3.7 Calling a Web API

In the previous section we explained how to download individual files from the Internet. Another way data can come from the Internet is through a web API, which stands for Application Programming Interface. The number of APIs that are being offered by organizations is growing at increasing rate, which means a lot of interesting data for us data scientists.

Web APIs are not meant to be presented in nice layout, such as websites. Instead, most web APIs return data in a structured format, such as JSON or XML. Having data in a structured form has the advantage that the data can be easily processed by other tools, such as jq.
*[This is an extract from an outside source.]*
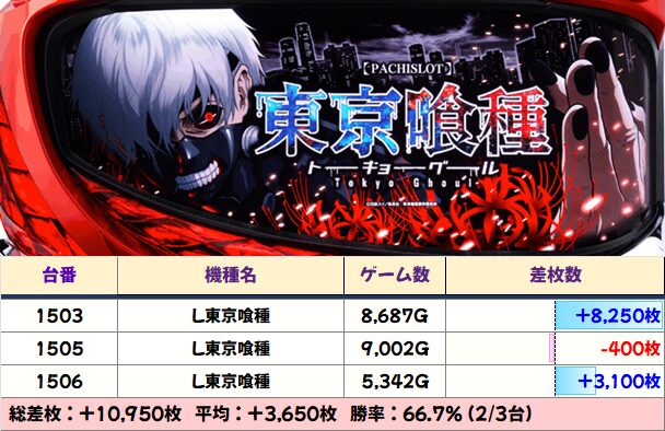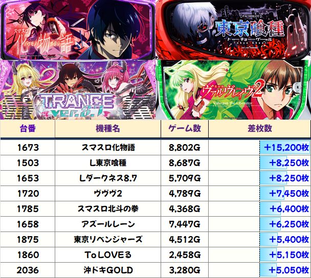今回の+5000枚オーバーは全台系で万枚が飛び出した「化物語」、並びに絡んだ「東京喰種」以外にも「ダークネス8.7」「ヴヴヴ2」「北斗の拳」「アズールレーン」などまだまだあった!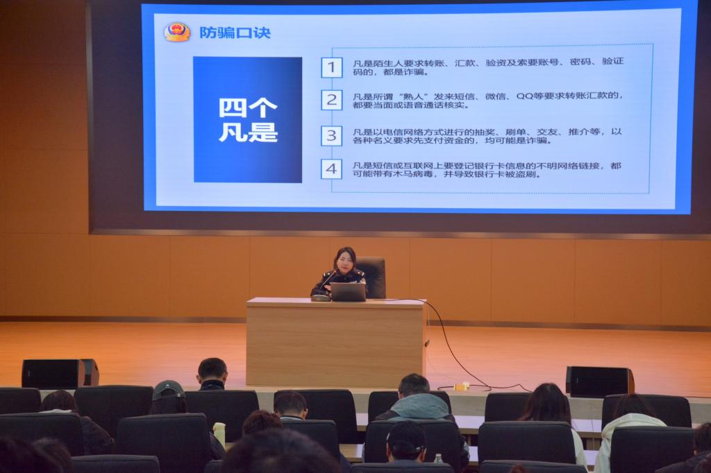 随后,来自湖大社区派出所的赵警官向现场同学介绍了当前电信网络诈骗的严峻形势,并分享了太阳成集团tyc9728社区2024年电信网络诈骗的统计数据。在宣讲过程中,赵警官通过互动的方式,让同学们分享各自学院的被骗情况,进一步加深了对电信网络诈骗危害的认识。她建议同学们多了解和学习防范电信网络诈骗的知识和技能,增强自我保护能力。

For example, the API from https://randomuser.me returns data in the following JSON structure.

  1. $ curl -s https://randomuser.me/api/1.2/ | jq .
  2. {
  3. "results": [
  4. {
  5. "gender": "male",
  6. "name": {
  7. "title": "mr",
  8. "first": "jeffrey",
  9. "last": "lawson"
  10. },
  11. "location": {
  12. "street": "838 miller ave",
  13. "city": "washington",
  14. "state": "maryland",
  15. "postcode": 81831,
  16. "coordinates": {
  17. "latitude": "81.9488",
  18. "longitude": "-67.8247"
  19. },
  20. "timezone": {
  21. "offset": "+4:00",
  22. "description": "Abu Dhabi, Muscat, Baku, Tbilisi"
  23. }
  24. },
  25. "email": "jeffrey.lawson@example.com",
  26. "login": {
  27. "uuid": "78918f6c-2658-4915-bebf-bfaa61a1624c",
  28. "username": "silverzebra774",
  29. "password": "treble",
  30. "salt": "iAtIKhvB",
  31. "md5": "4c02abeca4d6ca4dbfc0ddb33dcef29f",
  32. "sha1": "36e109513abf73df460cead89b78c749abe908fa",
  33. "sha256": "0155d9e6cabedfc3ad0f21d18b3ca3e738a8f17811dd57dc3b4dd386cd021963"
  34. },
  35. "dob": {
  36. "date": "1996-07-04T02:49:46Z",
  37. "age": 22
  38. },
  39. "registered": {
  40. "date": "2013-01-13T13:37:21Z",
  41. "age": 5
  42. },
  43. "phone": "(406)-041-2792",
  44. "cell": "(831)-085-8264",
  45. "id": {
  46. "name": "SSN",
  47. "value": "629-40-9671"
  48. },
  49. "picture": {
  50. "large": "https://randomuser.me/api/portraits/men/62.jpg",
  51. "medium": "https://randomuser.me/api/portraits/med/men/62.jpg",
  52. "thumbnail": "https://randomuser.me/api/portraits/thumb/men/62.jpg"
  53. },
  54. "nat": "US"
  55. }
  56. ],
  57. "info": {
  58. "seed": "4bd9f66fd83a6ec7",
  59. "results": 1,
  60. "page": 1,
  61. "version": "1.2"
  62. }
  63. }

The data is piped to a command-line tool jq in order to display it in a nice way. jq has many more possibilities that we will explore in Chapter 5.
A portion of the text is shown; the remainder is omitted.